Het getuigt van wijsheid wanneer men ’aflaat van toorn’. Toorn kan een buitengewoon schadelijke emotie zijn. Als iemand uiting geeft aan zijn toorn, gaat zijn bloeddruk omhoog en neemt de frequentie van zijn polsslag en ademhaling toe. Is de toorn voorbij, dan keert alles gewoonlijk weer tot het normale terug Herhaalde uitbarstingen van toorn vergen echter duidelijk veel van het lichaam. Aan de andere kant kan iemand geneigd zijn tot toorn maar zijn gevoelens ’opkroppen’. Uiterlijk ziet hij er misschien heel kalm uit, maar van binnen verkeert hij in grote opwinding. Wanneer dat het geval is, begint hij misschien last te krijgen van lichamelijke kwalen, terwijl hij toch ontkent dat emotionele spanningen aan zijn lichamelijke toestand ten grondslag liggen. Toorn kan aldus tot het ontstaan of de verergering van talloze ziekten bijdragen, met inbegrip van cardiovasculaire kwalen, ademhalingsmoeilijkheden, huidziekten, narigheid in verband met het gebit en de spijsvertering, en hoofdpijnen.

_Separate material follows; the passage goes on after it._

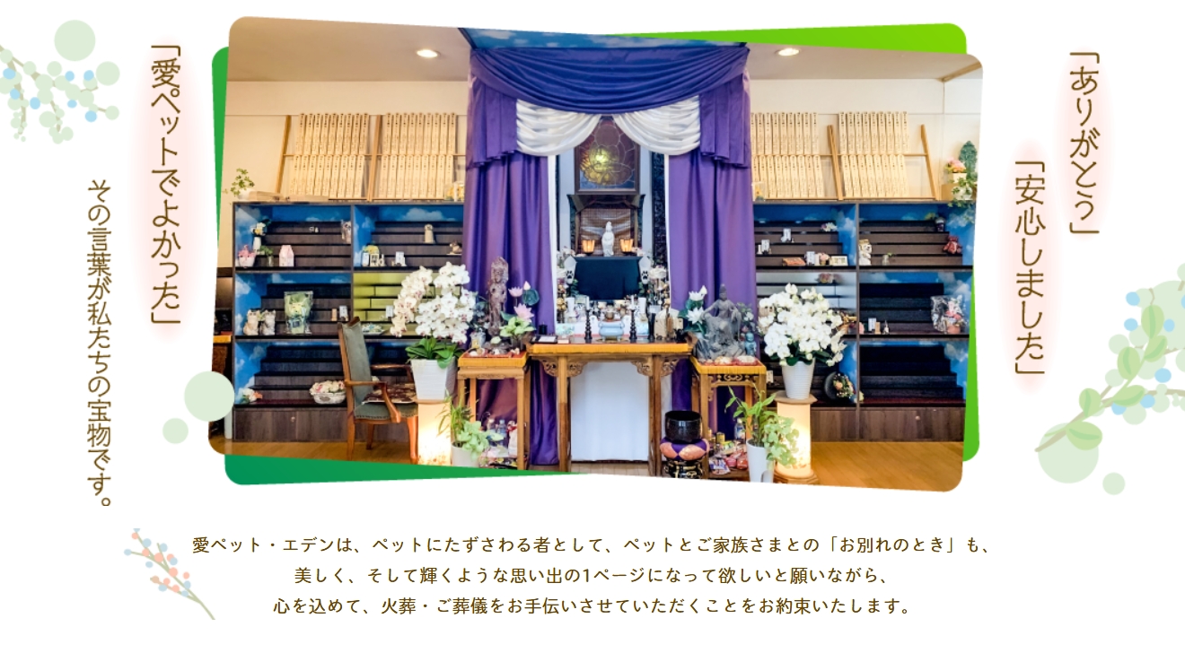 福岡県内を中心に24時間365日対応、火葬後の納骨・埋葬、月例法要や動物供養大祭などの供養サービスも充実しています。

Behalve fysieke problemen, kan toorn ook veel geestelijke schade aanrichten door iemand ertoe te brengen Gods wet te overtreden. De bijbel vestigt de aandacht op dit gevaar door te zeggen: „Hij die haastig tot toorn is, zal dwaasheid begaan” (Spr. 14:17). „Als een opengebroken stad, zonder muur, is de man die zijn geest niet in bedwang heeft” (Spr. 25:28). In de oudheid was een stad met een bres in de muur niet te verdedigen en blootgesteld aan de invasie van vijandelijke strijdkrachten. Zo is ook de persoon die geneigd is tot toorn, kwetsbaar voor de invasie van onjuiste gedachten, welke tot dwaze daden leiden.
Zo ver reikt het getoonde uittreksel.